[12] “Ich bin der Geist der stets verneint.”
[84.] We cannot expect to see all of these interests unfold equally in every individual; but among a number of pupils we may confidently look for them all. The demand for many-sidedness will accordingly be satisfied the better, the nearer the single individual likewise approaches a state of mental culture in which all these kinds of interest are active with equal energy.
[85.] As has already been suggested ([37]), these six kinds of interest arise from two sources to which historical and nature studies respectively correspond. With this the facts observed in classical high schools (Gymnasia) coincide: pupils usually lean toward one side or the other. It would be a serious blunder, however, to affirm, on this account, an antithesis between the historical and the natural science interest; or, worse still, to speak of a philological and a mathematical interest instead—as is, indeed, not infrequently done. Such confusion in ideas should not continue; it would lead to utterly erroneous views of the whole management of instruction. The easiest means to counteract the evil is a consideration of the multitude of one-sided tendencies that occur even within the six kinds of interest; we shall be able, at all events, to bring out still more clearly the manifold phases of interest that must be taken into account. For the possible cases of one-sidedness are differentiated far more minutely than could be shown by the discrimination of only six kinds of interest.
“Is the ideal education classical or scientific?” This question, which is still debated, really means, shall we cultivate chiefly the social or the knowledge interests. The historical, or culture, studies belong preëminently on the one side, the natural sciences most largely on the other. Herbert Spencer in 1860 made a special plea for science studies in his monograph, “Education,” claiming that such studies are of chief worth both for knowledge and training. At that time classical, or culture, studies had possession of almost every institution for higher education, so that Spencer’s special plea was justified. At present, however, science, which has developed its own methods of instruction, holds an equal place with social studies in the colleges and universities. When we are asked which half of human interests we will choose, the knowledge or the social, our reply can only be: We will abandon neither, but choose both. Both are essential to human happiness; both are necessary for social and material advance.

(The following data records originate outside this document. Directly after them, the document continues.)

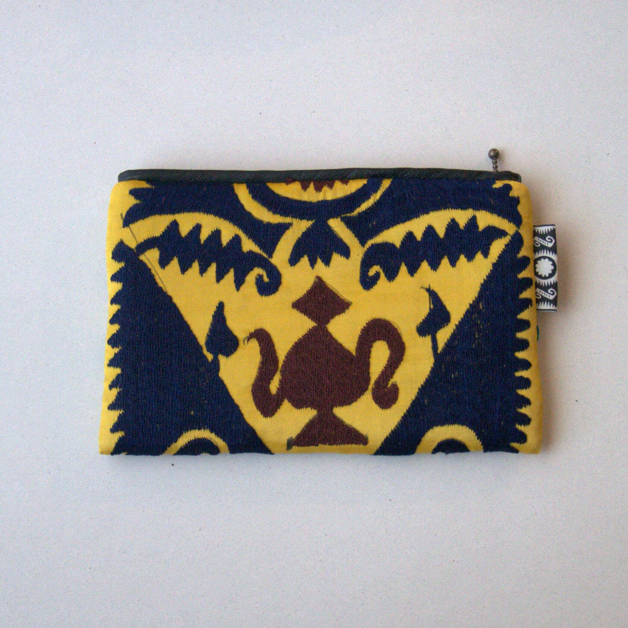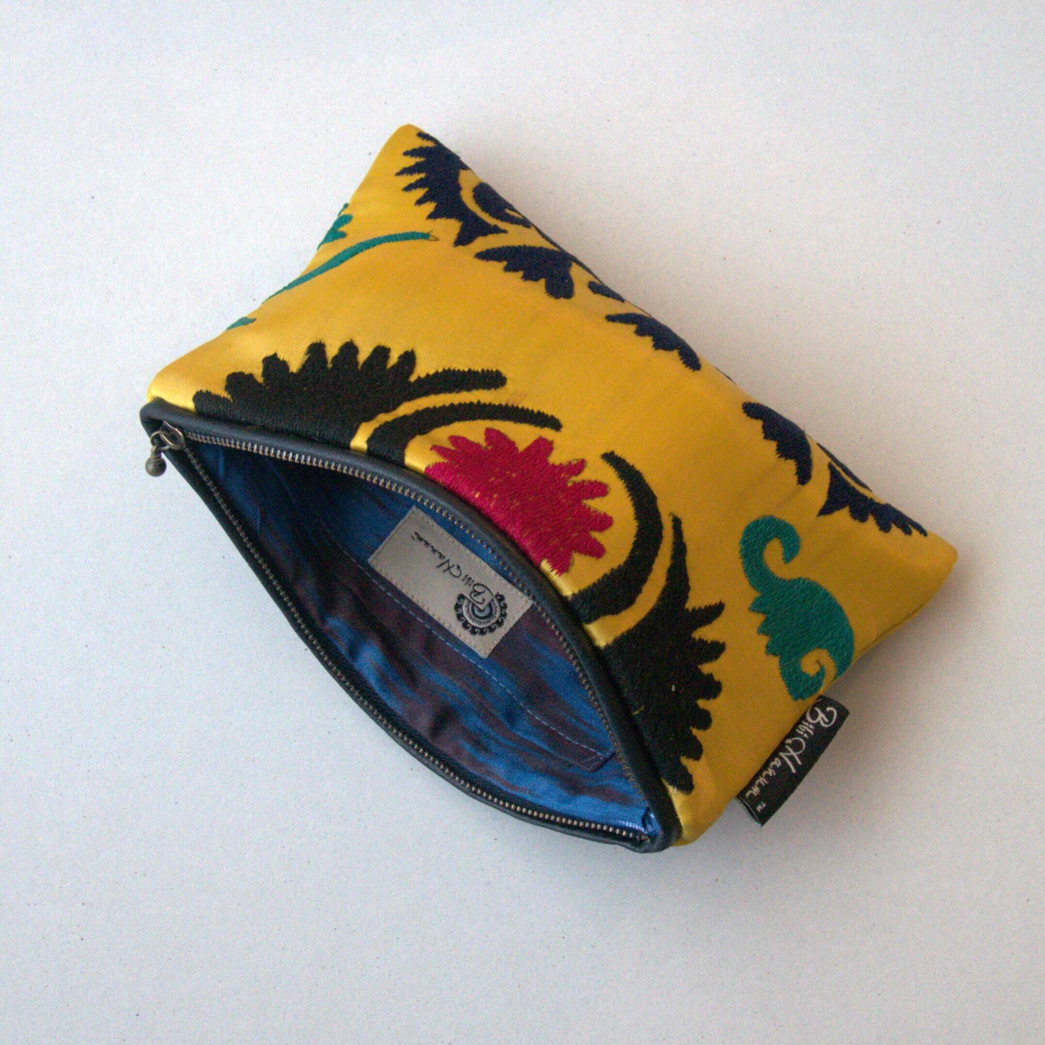 ヴィンテージスザニ(手刺繍布)を大き目のポーチにリメイクしました。
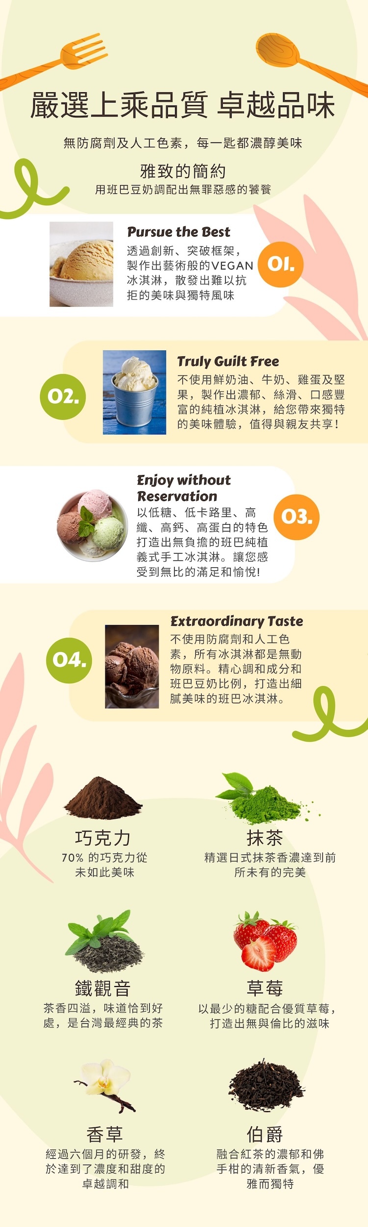 與市面上其他甜點不同,班巴素義式冰淇淋以天然低糖的班巴豆奶為基底,是追求健康生活的您與孩子們的最佳甜點選擇。無需擔心過高的糖分,只需盡情享受每一口的純植美味。
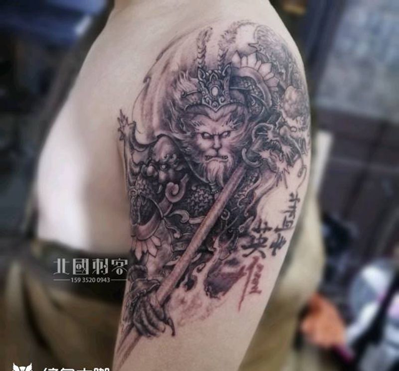 猴子纹身图片_手臂新传统老传统猴子美猴王孙悟空纹身图案

[86.] Empirical interest becomes one-sided in its way when it seizes upon one kind of objects of experience to the neglect of the rest. When, for instance, a person wants to be a botanist exclusively, a mineralogist, a zoölogist; or when he likes languages only, perhaps only the ancient or only the modern, or of all these only one; or when as a traveller he wishes to see, like many so-called tourists, only the countries that everybody talks about, in order to have seen them too; or when, as a collector of curiosities, he confines himself to one or the other fancy; or when, in the capacity of historian, he cares only about the information bearing on one country, or one period, etc.
Speculative interest becomes one-sided by confining itself to logic or to mathematics, mathematics perhaps only as treated by the old geometricians; or to metaphysics restricted possibly to one system; or to physics narrowed down perhaps to one hypothesis; or to pragmatic history.
Æsthetic interest in one case is concentrated exclusively on painting and sculpture; in another on poetry, perhaps only on lyric or dramatic poetry; in still another on music, or perhaps only on a certain species of music, etc.
Sympathetic interest is one-sided when a man is willing to live only with his social peers, or only with fellow-countrymen, or only with members of his own family; while a fellow-feeling for all others is wanting.
Social interest grows one-sided if one gives himself up wholly to one political party, and measures weal or woe only by party success or failure.
Religious interest becomes one-sided according to differences of creed and sect, to one of which allegiance is given, while those who hold a different view are regarded as unworthy of esteem.